#### [Given information]
* * *

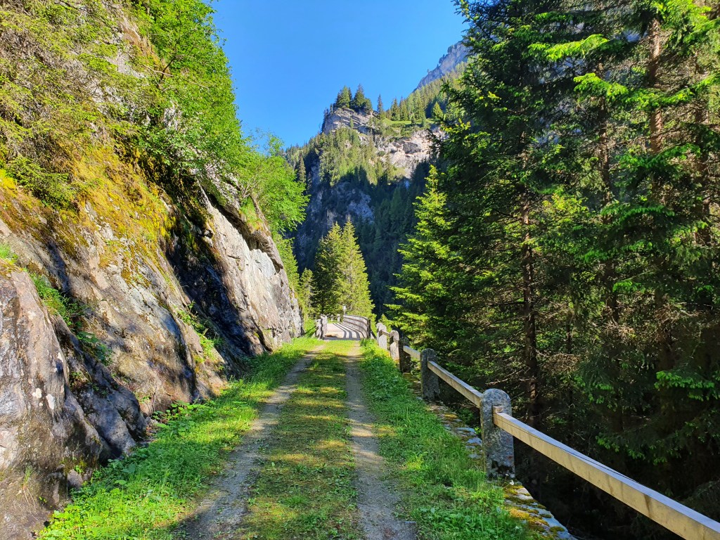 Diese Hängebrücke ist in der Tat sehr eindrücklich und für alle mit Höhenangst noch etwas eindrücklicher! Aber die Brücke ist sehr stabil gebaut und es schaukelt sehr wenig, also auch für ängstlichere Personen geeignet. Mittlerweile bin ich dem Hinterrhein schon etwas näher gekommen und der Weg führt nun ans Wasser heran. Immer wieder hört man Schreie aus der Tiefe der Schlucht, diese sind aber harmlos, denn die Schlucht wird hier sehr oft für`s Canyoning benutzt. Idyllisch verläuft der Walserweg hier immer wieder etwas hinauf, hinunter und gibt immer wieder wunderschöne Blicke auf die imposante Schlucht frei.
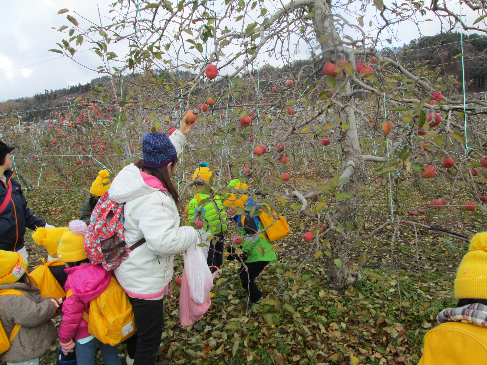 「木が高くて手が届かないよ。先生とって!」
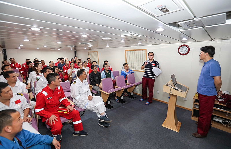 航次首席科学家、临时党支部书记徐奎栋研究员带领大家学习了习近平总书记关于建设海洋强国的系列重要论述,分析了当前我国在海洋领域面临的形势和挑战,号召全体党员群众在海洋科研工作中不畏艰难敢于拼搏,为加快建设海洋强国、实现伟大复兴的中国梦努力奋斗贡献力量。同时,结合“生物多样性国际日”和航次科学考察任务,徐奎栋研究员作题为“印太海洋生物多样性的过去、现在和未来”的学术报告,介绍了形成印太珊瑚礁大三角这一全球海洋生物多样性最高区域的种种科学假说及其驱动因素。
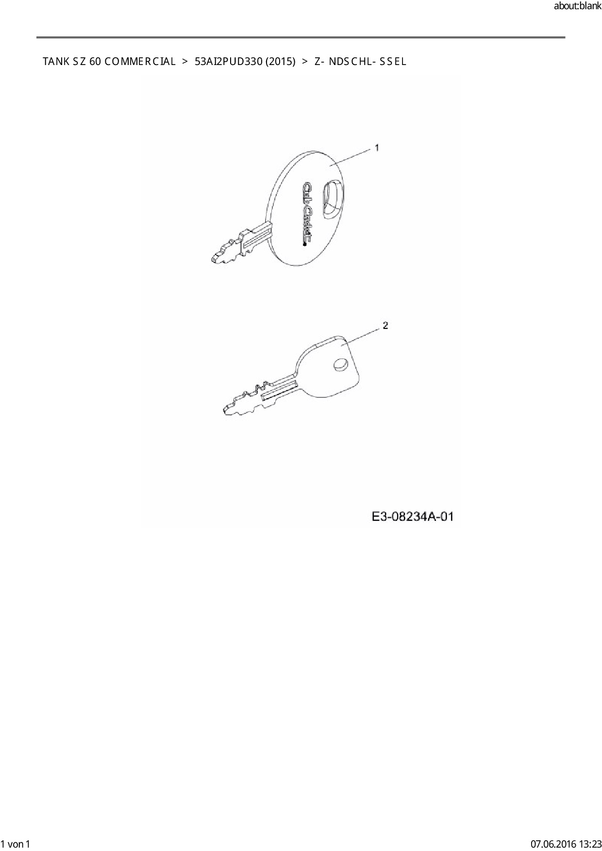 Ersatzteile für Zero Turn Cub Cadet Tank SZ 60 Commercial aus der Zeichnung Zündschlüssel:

* * *

#### [Directions for this task]
An exact transcription of the listing is required, and it must contain no pictures.

#### [Response for this exercise]
 Diese Hängebrücke ist in der Tat sehr eindrücklich und für alle mit Höhenangst noch etwas eindrücklicher! Aber die Brücke ist sehr stabil gebaut und es schaukelt sehr wenig, also auch für ängstlichere Personen geeignet. Mittlerweile bin ich dem Hinterrhein schon etwas näher gekommen und der Weg führt nun ans Wasser heran. Immer wieder hört man Schreie aus der Tiefe der Schlucht, diese sind aber harmlos, denn die Schlucht wird hier sehr oft für`s Canyoning benutzt. Idyllisch verläuft der Walserweg hier immer wieder etwas hinauf, hinunter und gibt immer wieder wunderschöne Blicke auf die imposante Schlucht frei.
 「木が高くて手が届かないよ。先生とって!」
 航次首席科学家、临时党支部书记徐奎栋研究员带领大家学习了习近平总书记关于建设海洋强国的系列重要论述,分析了当前我国在海洋领域面临的形势和挑战,号召全体党员群众在海洋科研工作中不畏艰难敢于拼搏,为加快建设海洋强国、实现伟大复兴的中国梦努力奋斗贡献力量。同时,结合“生物多样性国际日”和航次科学考察任务,徐奎栋研究员作题为“印太海洋生物多样性的过去、现在和未来”的学术报告,介绍了形成印太珊瑚礁大三角这一全球海洋生物多样性最高区域的种种科学假说及其驱动因素。
 Ersatzteile für Zero Turn Cub Cadet Tank SZ 60 Commercial aus der Zeichnung Zündschlüssel:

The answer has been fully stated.